The Code provision is a recognition that a trial can continue"Notwithstanding the expiration of the time appointed for theterm to continue," and in case of a trial by the court "untilit is finally submitted for a decision upon the merits."
Although the section of the Code quoted does not expressly provide that a term shall continue after a cause is finally submitted to the court and until a decision thereof, it was not the purpose of the statute to prevent a decision of a cause or question finally submitted to the court even if such term is not formally adjourned to a time beyond that at which a decision or order therein and the resettlement thereof is finally made and signed.
When a term of court is ended for new and further business, it may be deemed continued for the purpose of deciding cases and matters finally submitted to it during its regular and formal sittings. (Schultze v. Huttlinger,
All legislative enactments should be construed in *196 recognition of the practice which is general and long continued of making decisions in matters tried, argued and submitted at Special and Trial Term on the assumption that for the purpose of such decision the Special or Trial Term continues in existence. The order of the Special Term now under consideration was made and signed by the justice before whom the Extraordinary Special Term was regularly held at Schenectady and was entitled in such Special Term. The fact that such justice signed said order when he was not in the court house at Schenectady is not important in view of the fact that the motions were submitted to the court at the place and during the time when it was actually held as such.
We are of the opinion that although the Extraordinary Special Term had expired for the purpose of new business, it should be deemed to continue for the purpose of a final decision of the motions submitted at such Extraordinary Special Term on the 16th day of June, 1917.

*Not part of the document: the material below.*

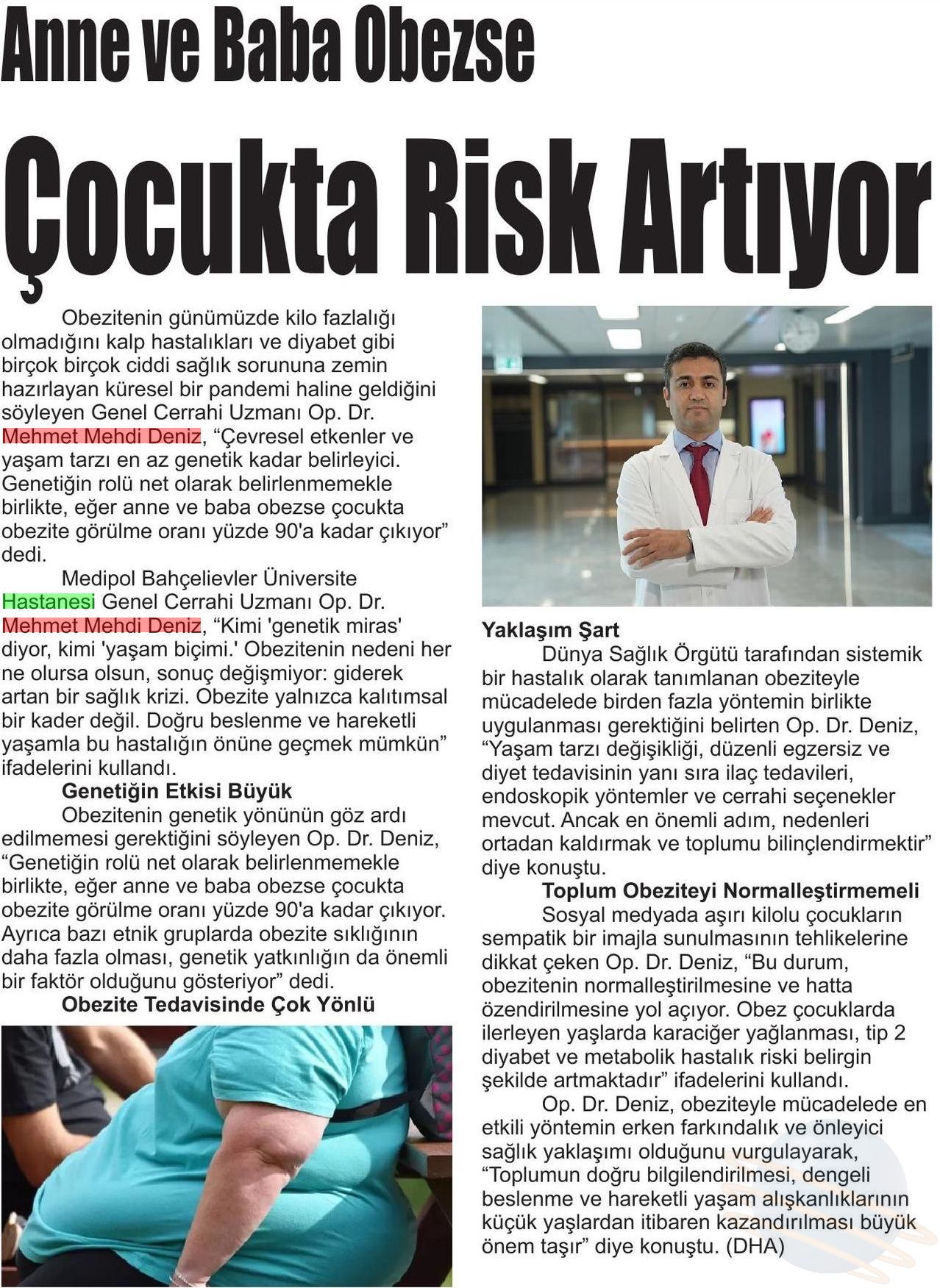 Sosyal medyada aşırı kilolu çocukların sempatik bir imajla sunulmasının tehlikelerine dikkat çeken Op. Dr. Deniz, “Bu durum, obezitenin normalleştirilmesine ve hatta özendirilmesine yol açıyor. Obez çocuklarda ilerleyen yaşlarda karaciğer yağlanması, tip 2 diyabet ve metabolik hastalık riski belirgin şekilde artmaktadır” ifadelerini kullandı. Op. Dr. Deniz, obeziteyle mücadelede en etkili yöntemin erken farkındalık ve önleyici sağlık yaklaşımı olduğunu vurgulayarak, “Toplumun doğru bilgilendirilmesi, dengeli beslenme ve hareketli yaşam alışkanlıklarının küçük yaşlardan itibaren kazandırılması büyük önem taşır” şeklinde konuştu.

The order signed July 17, 1917, contained but a partial determination of the questions before the court. The motion was remitted to that court to complete the findings or decision. The remission of the motion to the Special Term was not in any sense a new and independent step in the action. It was a necessary part of the decision of the original motion.
The order of the Appellate Division should be reversed and that of the Special Term denying the motion of the plaintiff to set aside the order of the Special Term held by Justice CLARK should be affirmed, with costs in this court and in the Appellate Division, and the question certified so far as it affects the determination of this appeal is answered in the affirmative.
HISCOCK, Ch. J., HOGAN, CARDOZO, POUND and ANDREWS, JJ., concur; McLAUGHLIN, J., not voting.